Der Schulsenator gibt aber auch den Schülern Schuld an Quarantänemaßnahmen: „Unabhängig davon muss man aber auch den Hamburger Eltern, Schülerinnen und Schülern sagen, dass zum jetzigen Zeitpunkt Quarantänen häufig auch deshalb verhängt werden, weil die Schüler ihre Masken nicht durchgängig getragen haben.
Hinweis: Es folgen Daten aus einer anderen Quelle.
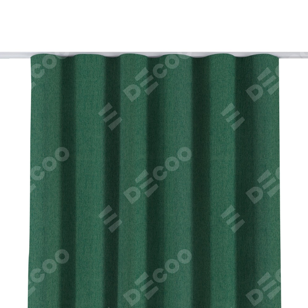 Комплект прямых штор, от производителя «Cortin», пошиты из ткани твид блэкаут зелёный, артикул ткани 21589. С изнаночной стороны в верхней части штор пристрачивается шторная лента с декоративными складками «Волна». Для создания элегантных складок прямые шторы шьются по стандарту с коэффициентом 1:2 (на 100 см. ширины проёма 200 см. ширины ткани).
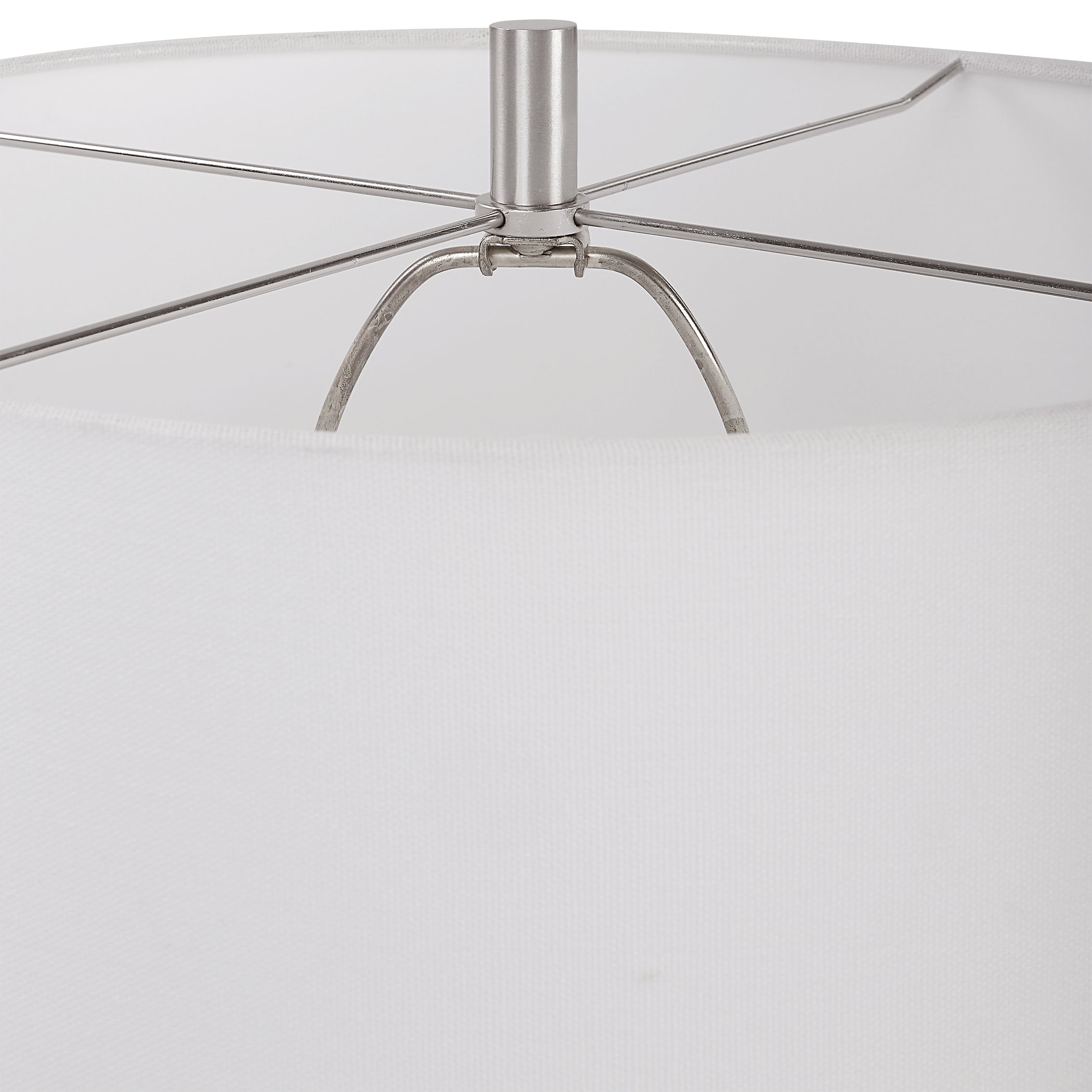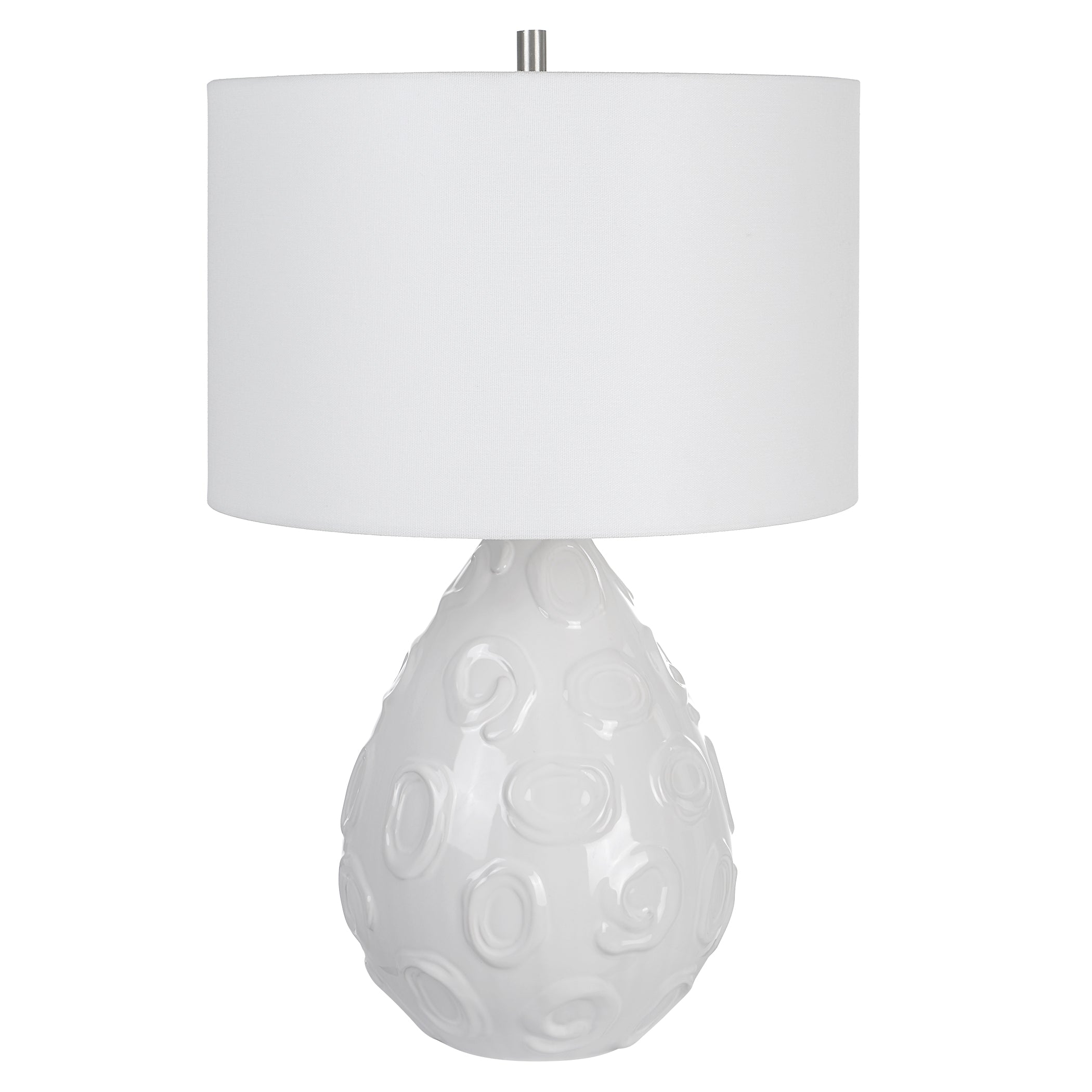 - Finish/Frame Description: Handcrafted From Ceramic, This Table Lamp Features A Clean White Glaze With Individually Applied Whimsical Loop Details, And Plated Brushed Nickel Accents.

Deshalb ist auch die Schulwelt gefordert, die Sicherheitsmaßnahmen konsequenter umzusetzen und Quarantänen so zu vermeiden.“

Die wichtigsten Corona-Themen im Überblick

GEW fordert bundesweit geltende Leitlinien

Die Gewerkschaft Erziehung und Wissenschaft GEW plädiert ebenfalls dafür, bei Corona-Fällen individuell zu prüfen, ob eine ganze Klasse oder nur Einzelne in Quarantäne müssen und bundesweit gültige Leitlinien zu schaffen. „Die GEW hält es für richtig, Schülerinnen und Schüler, die zwar zur ersten Kontaktgruppe eines mit Corona infizierten Kindes gehörten, aber einen negativen PCR-Test vorweisen können, nicht 14 Tage in Quarantäne zu schicken. Es ist dringend notwendig, dass für die Entscheidungen der Gesundheitsämter bundesweit gültige Leitlinien entwickelt werden“, heißt es in einer Erklärung.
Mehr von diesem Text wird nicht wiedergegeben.